Meurs, pute, Sabine thought. She wanted this whore to die painfully. She sent another burst at the woman’s belly.
“It hurts,” Tatiana said, wincing. A blush spread in the V of her crotch. She crept back to the Audi, ignoring the dead man, who lay sprawled beside the front tire. She got into the passenger seat.
Sabine watched the silver vans roll to a stop behind the Audi. The doors opened and men in Hawaiian shirts got out. Each top was a different color, but the pattern was the same: parrots, oversized flowers, and palm fronds. The m
en were big-boned and muscular, with pale eyes, buzz cuts, and sunburned faces.
Project the illusion. A droning sound hummed in Sabine’s head, as if freshly hatched wasps were trapped inside her eardrums. She visualized thousands of stinging insects, then projected this image at the men in the floral shirts.
“What the fuck,” one of the men said. The others scattered away from the vans, cursing and stamping the ground, their hands swatting the empty air.
Americans. Sabine looked past their conscious thoughts, into their memories. It was like spinning a dial on a radio, a mishmash of static and music, but the same words rose up. Paramilitary. Blackwater. Iraq. Afghanistan. Post-Katrina New Orleans.

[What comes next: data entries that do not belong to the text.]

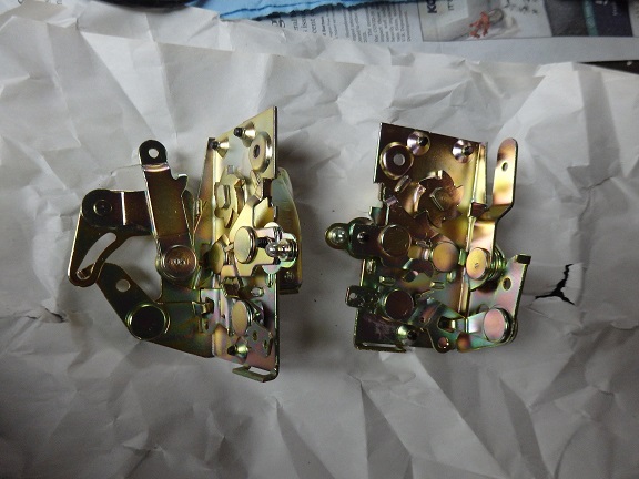The make really high quality repo door handles, so I didn't bother replating my originals. The problem with the repos is that the brackets for the button (bottom right) that comes with it are not very good. Luckily the originals cleaned up nice and they fit the repo handles.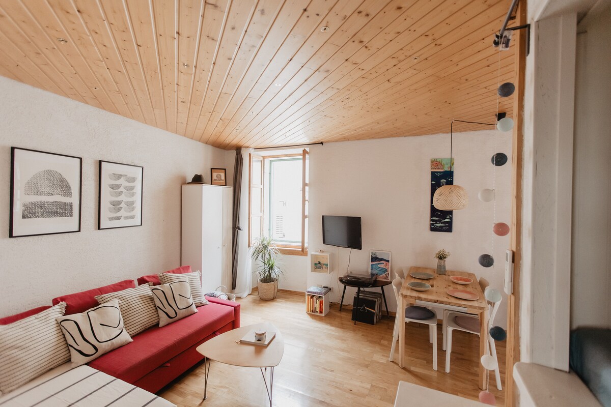 Stan ima dvije etaže, površine 54 m2. Na glavnom spratu se nalazi dnevni boravak sa kuhinjom u istom velikom prostoru, kupatilo i šarmantan balkon . Uz stepenice ćete pronaći romantičnu spavaću sobu s malim prostorom za sjedenje. Primaju se kućni ljubimci i primaju jedan kućni ljubimac besplatno, ali će se naplaćivati naknada od 5€ po danu za svakog dodatnog kućnog ljubimca tokom prvog dana.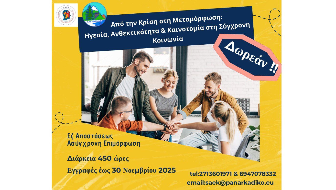 Δωρεάν επιμορφωτικό πρόγραμμα με θέμα: «Από την Κρίση στη Μεταμόρφωση: Ηγεσία, Ανθεκτικότητα & Καινοτομία στη Σύγχρονη Κοινωνία»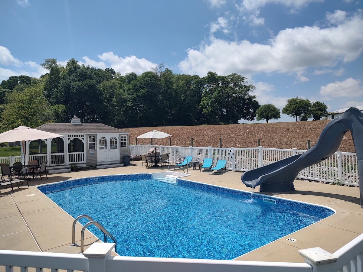 Large solar heated pool for summer fun! Relax and enjoy the peaceful surroundings on one acre at the end of a cul-de-sac. Cozy little suite with a large yard. Private space all to yourself, with parking and seperate entrance. AC, queen bed, foldout couch, microwave, Keurig coffee, large Air fryer, hot plate and mini fridge. There is a bathroom with necessary toiletries, sink and large walk in shower. If you like, Amish style sticky bread and/or fruit and juice will be provided for breakfast.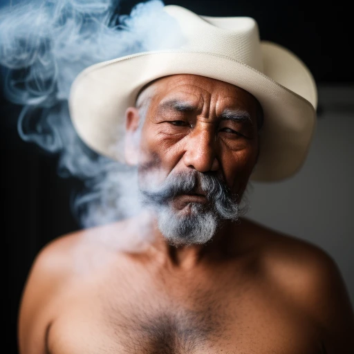 old man smoke and the smoke goes out from his mouth in shape of a white buffalo
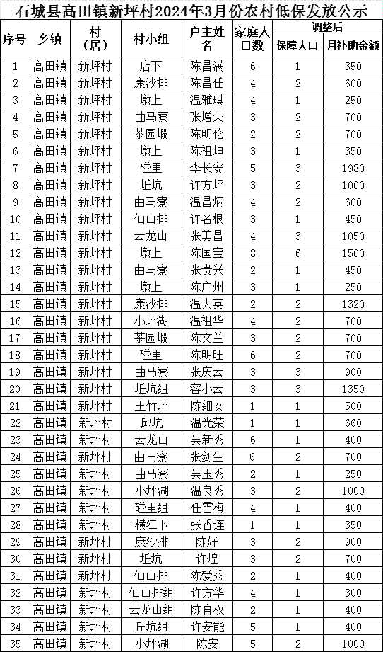 【最低生活保障】石城縣高田鎮(zhèn)新坪村2024年3月份農(nóng)村低保發(fā)放公示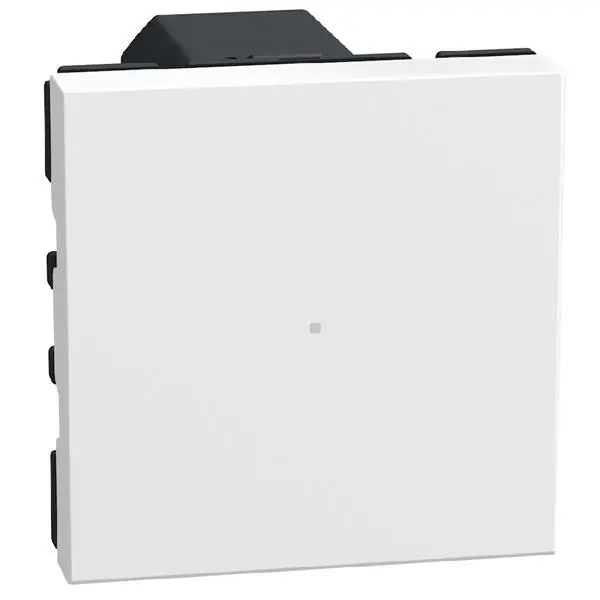El interruptor de iluminación conectado con opción regulación permite el control y regulación de cualquier tipo de lámpara regulable hasta 150 W. Con neutro. La opción de regulación se tiene que activar desde la aplicación Home+Control Legrand. Usa el mismo cableado (fase y vuelta) que un mecanismo tradicional. Está equipado con un LED azul para funciones de localización y estado de carga, configurable desde la app. Se puede controlar desde uno o varios comandos de iluminación inalámbricos. Requiere de la instalación del Starter Pack. Se debe completar con un soporte y una placa embellecedora de la serie Light Now.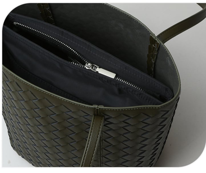 【予約販売】韓国デザイン 本革 レザーバケツバッグ トート 牛革 編み込みBAG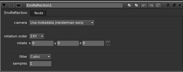 Usage: Connect the node's three inputs as labeled. By default, the node will try to take the camera position (needed to figure out the reflection vector) from the metadata of its first input (normal pass). This only works for EXR's rendered using renderman. If no valid metadata is found, the node will show an error message.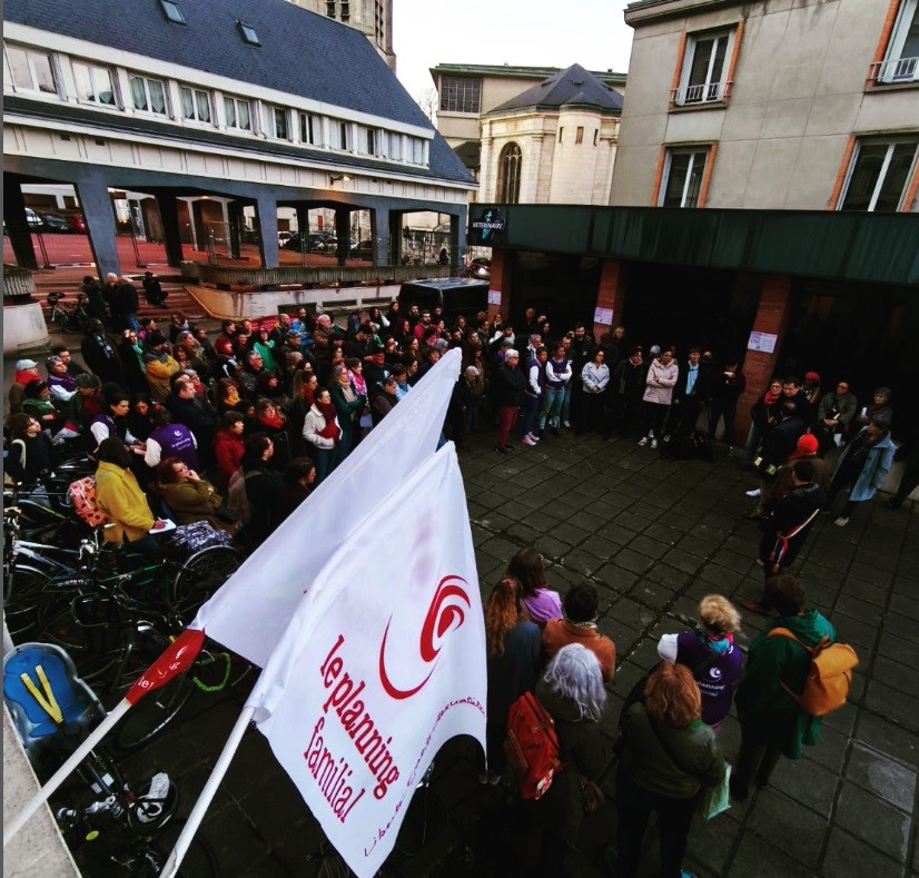 Rassemblement en soutien au Planning Familial 45 devant leurs locaux le lundi 24 mars. Crédit : Le Planning Familial du Loiret.

The driver in the second van got out, his hand sliding inside the waistband of his shorts, as if he were reaching for a gun. He resembled the others: a navy, parrot-strewn Hawaiian shirt, nondescript eyes, buzz haircut, athletic physique. The breeze lifted the edge of his shirt, and Sabine saw a belt holster. He grabbed a man in a red floral shirt. “What the hell are you doing?” he yelled. He didn’t get an answer and flung the man away. Muttering to himself, he strode past the Audi and glanced through the passenger window. His eyebrows slanted together and he stumbled back, his sunburn turning a deep purple-red. A pulse beat in his neck as he walked around the Audi’s blood-streaked hood, then his gaze passed over the bodies in the driveway. His eyes hardened as he looked at Sabine.
“What happened to these people?” he called. He reached into his belt holster and pulled out a gun.
Sabine hit him with an aggressive wallop. He dropped to his knees, and his mouth opened wide. His expression resembled the screaming man in Edvard Munch’s painting. He coughed. Blood dribbled over his lips, then he coughed again, and a bright red gash spurted into the air. Another burst came out of his mouth. He hit the ground, and a dark puddle spread out him.
Sabine caught her breath. She’d aimed for his lungs, but she’d struck the aorta. And she’d failed to keep projecting imaginary wasps. The other men in Hawaiian shirts were starting to calm down, muttering to each other. Their broad As and dropped Rs reminded Sabine of her old Harvard professor.